I represent a 49 year old former administrative services for an insurance company who had to stop working primarily due to spinal cord lesions. Despite a protracted work history, the claimant became destitute. After bringing the claimant’s situation to the attention of the hearing office, buttressed by 40 page letter and documentation detailing her dire need, her case was expedited, and approved in 6 weeks.

Just because a claim is expedited does not guarantee that it will be approved. However, if the claim is going to be denied at a hearing, then it is still better to get the denial expedited to hasten review by the Appeals Council.

Friday, October 18, 2013

Padro Settlement Approved

District Court Judge Carol Bagley Amon gave final approval today to the proposed settlement in the Padro Class Action, despite the objections of ALJ Hazel Strauss. It needs to be seen if the Queens Five will revert to their biased tactics after the time period covered by the settlement expires.

Monday, October 14, 2013

Social Security Increase

It is expected that Social Security recipients will receive a 1.5% increase in their monthly benefits next year.  That includes people who receive retirement and disability benefits.  

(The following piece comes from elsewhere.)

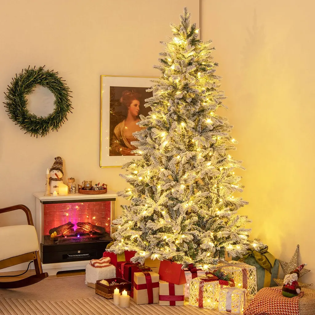 Gymax 4.5/6/7 Ft Pre-Lit Artificial Christmas Tree Snow Flocked Hinged - 7 Foot
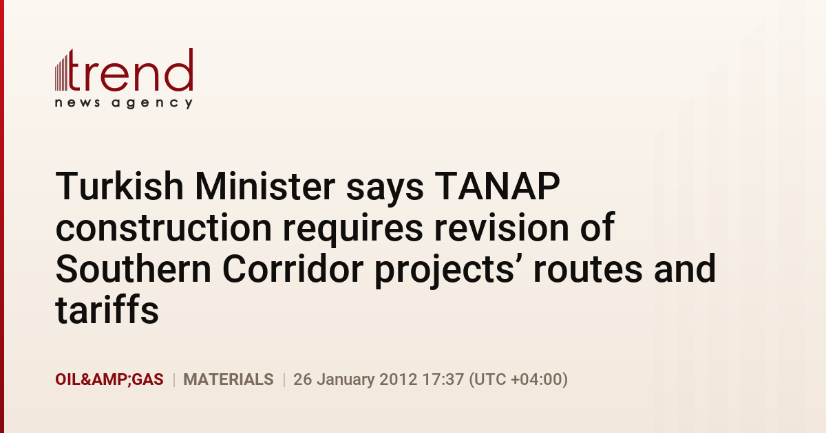 The construction of Azerbaijani-Turkish Trans-Anatolian Pipeline (TANAP) will require revision of Southern Gas Corridor projects' (Nabucco, TAP and ITGI) routes and tariffs, Turkish Energy Minister Taner Yildiz said in an interview to Reuters.

Since 1975, the annual automatic cost of living adjustment ("COLA") has averaged 4.1%.  The purpose of the COLA is to help people on fixed incomes keep up with inflationary prices increases. 

Wednesday, October 2, 2013

Government Shutdown

Due to the shutdown of the Federal Government, there will be a reduction in services provided by the Social Security Administration. Your local field office will remain open, but with limited services, and it needs to be remembered that its hours have already been reduced as a result of sequestration.  Those services include helping you apply for benefits or request an appeal for benefits.  The hearings offices will remain open for Administrative Law Judges to conduct hearings, but it appears that the effectuation of disability benefits for new claimants will be delayed. Social Security Disability and Supplemental Security Income benefit payments will continue with no change in payment dates.